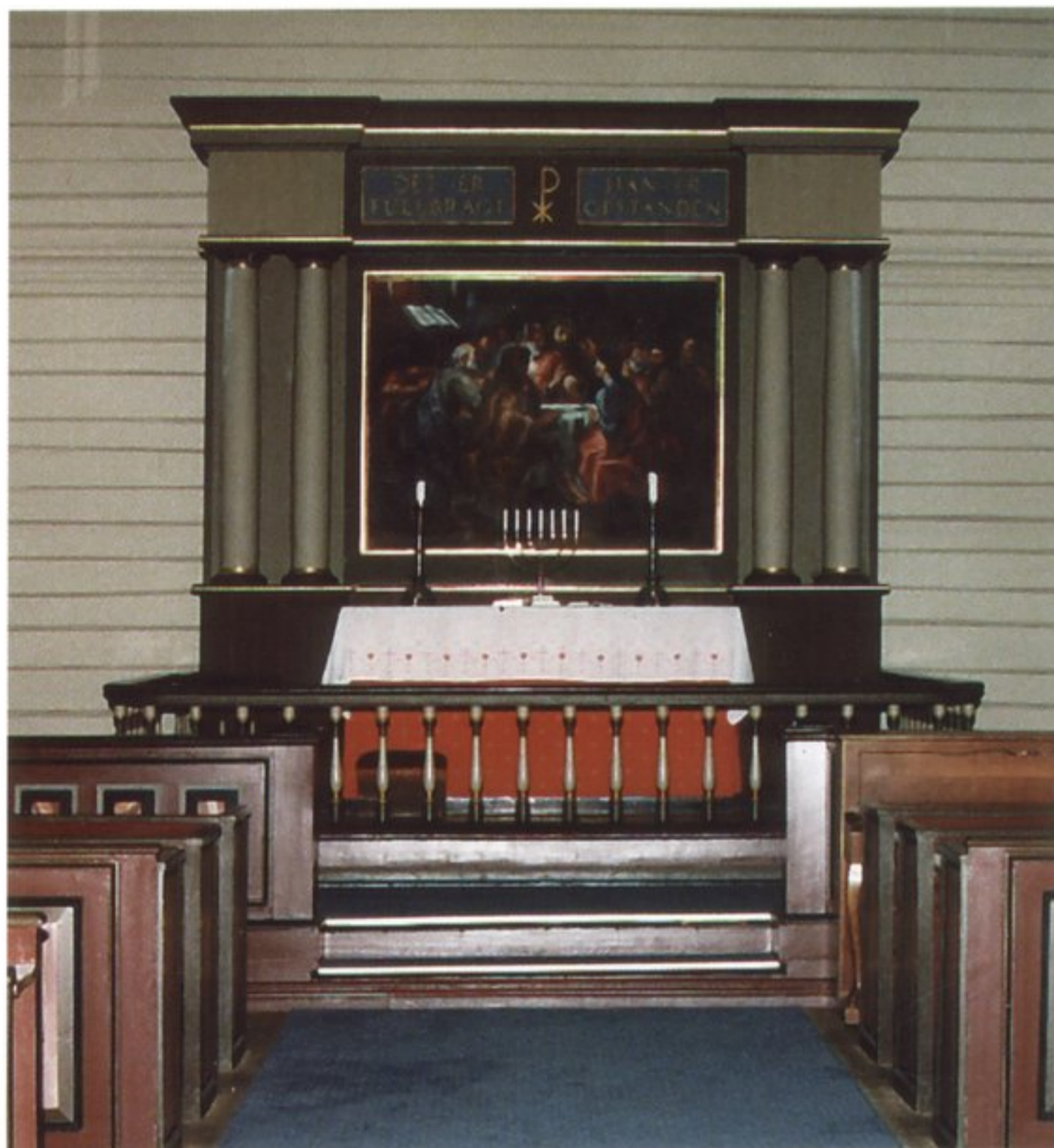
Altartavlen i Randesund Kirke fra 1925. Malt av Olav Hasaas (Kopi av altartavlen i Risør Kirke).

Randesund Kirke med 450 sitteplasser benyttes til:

* * *

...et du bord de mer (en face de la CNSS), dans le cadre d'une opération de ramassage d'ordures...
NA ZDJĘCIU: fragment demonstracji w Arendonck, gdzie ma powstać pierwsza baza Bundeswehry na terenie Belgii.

• INSTRUCTIONS FOR THE TASK: Could you retype exactly the lines above, starting at the line that contains "de ramassage d'ordures..." and ending at the line that contains "NA ZDJĘCIU: fragment", and nothing more?

• TASK OUTPUT:
...et du bord de mer (en face de la CNSS), dans le cadre d'une opération de ramassage d'ordures...
NA ZDJĘCIU: fragment demonstracji w Arendonck, gdzie ma powstać pierwsza baza Bundeswehry na terenie Belgii.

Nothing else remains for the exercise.